## Exercise details
Two lines below mark the span: the one containing "Con más de mil" and the one containing "Lehen topaketa feminista". Set down both, plus every line between, exactly as they stand, and nothing else.

## Material for the task
□ □ □ □ □

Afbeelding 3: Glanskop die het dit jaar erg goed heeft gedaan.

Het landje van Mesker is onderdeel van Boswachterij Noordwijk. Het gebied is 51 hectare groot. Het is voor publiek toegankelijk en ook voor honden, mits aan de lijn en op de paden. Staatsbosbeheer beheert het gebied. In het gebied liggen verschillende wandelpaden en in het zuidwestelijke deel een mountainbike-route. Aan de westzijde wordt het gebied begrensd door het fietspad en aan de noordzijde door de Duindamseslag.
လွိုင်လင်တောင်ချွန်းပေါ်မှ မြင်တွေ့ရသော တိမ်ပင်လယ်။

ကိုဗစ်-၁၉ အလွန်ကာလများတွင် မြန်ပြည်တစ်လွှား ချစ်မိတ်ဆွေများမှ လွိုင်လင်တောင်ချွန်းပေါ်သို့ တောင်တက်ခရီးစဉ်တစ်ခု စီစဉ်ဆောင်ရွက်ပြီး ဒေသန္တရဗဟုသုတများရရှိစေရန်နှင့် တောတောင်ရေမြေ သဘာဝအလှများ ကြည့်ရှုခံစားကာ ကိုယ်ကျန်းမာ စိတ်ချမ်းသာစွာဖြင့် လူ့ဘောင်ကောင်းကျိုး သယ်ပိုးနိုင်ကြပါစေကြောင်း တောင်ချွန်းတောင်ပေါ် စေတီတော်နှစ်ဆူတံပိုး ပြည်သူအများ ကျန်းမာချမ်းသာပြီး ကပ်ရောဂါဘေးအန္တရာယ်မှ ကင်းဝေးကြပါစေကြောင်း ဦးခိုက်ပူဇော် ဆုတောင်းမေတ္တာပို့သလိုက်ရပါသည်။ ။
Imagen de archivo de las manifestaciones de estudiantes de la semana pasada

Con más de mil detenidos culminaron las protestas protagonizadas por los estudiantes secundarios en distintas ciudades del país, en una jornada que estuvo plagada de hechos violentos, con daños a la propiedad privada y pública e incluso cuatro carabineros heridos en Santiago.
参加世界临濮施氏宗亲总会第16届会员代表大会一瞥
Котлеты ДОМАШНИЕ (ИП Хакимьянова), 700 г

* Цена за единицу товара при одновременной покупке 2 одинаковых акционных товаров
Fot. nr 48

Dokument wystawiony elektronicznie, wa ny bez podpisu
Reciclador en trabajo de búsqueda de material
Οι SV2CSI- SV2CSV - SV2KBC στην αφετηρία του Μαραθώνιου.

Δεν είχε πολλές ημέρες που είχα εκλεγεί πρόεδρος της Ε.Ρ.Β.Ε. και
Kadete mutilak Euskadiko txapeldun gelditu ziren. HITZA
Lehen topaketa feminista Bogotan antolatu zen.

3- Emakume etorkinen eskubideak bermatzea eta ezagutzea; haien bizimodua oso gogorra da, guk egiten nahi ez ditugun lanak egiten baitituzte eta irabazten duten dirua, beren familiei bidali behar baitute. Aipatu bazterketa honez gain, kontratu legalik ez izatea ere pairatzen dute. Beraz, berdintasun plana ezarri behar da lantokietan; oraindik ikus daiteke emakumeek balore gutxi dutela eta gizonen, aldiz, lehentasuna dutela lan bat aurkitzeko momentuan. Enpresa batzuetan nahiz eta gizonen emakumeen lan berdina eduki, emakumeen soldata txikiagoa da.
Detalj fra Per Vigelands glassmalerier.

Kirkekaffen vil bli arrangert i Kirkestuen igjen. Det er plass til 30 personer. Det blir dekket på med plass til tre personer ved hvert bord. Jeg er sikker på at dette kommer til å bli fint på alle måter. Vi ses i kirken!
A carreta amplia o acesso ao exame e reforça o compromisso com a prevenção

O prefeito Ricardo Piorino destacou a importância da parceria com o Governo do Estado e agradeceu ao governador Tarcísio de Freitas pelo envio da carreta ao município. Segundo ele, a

□ □ □ □ □

## Final answer
Con más de mil detenidos culminaron las protestas protagonizadas por los estudiantes secundarios en distintas ciudades del país, en una jornada que estuvo plagada de hechos violentos, con daños a la propiedad privada y pública e incluso cuatro carabineros heridos en Santiago.
参加世界临濮施氏宗亲总会第16届会员代表大会一瞥
Котлеты ДОМАШНИЕ (ИП Хакимьянова), 700 г

* Цена за единицу товара при одновременной покупке 2 одинаковых акционных товаров
Fot. nr 48

Dokument wystawiony elektronicznie, wa ny bez podpisu
Reciclador en trabajo de búsqueda de material
Οι SV2CSI- SV2CSV - SV2KBC στην αφετηρία του Μαραθώνιου.

Δεν είχε πολλές ημέρες που είχα εκλεγεί πρόεδρος της Ε.Ρ.Β.Ε. και
Kadete mutilak Euskadiko txapeldun gelditu ziren. HITZA
Lehen topaketa feminista Bogotan antolatu zen.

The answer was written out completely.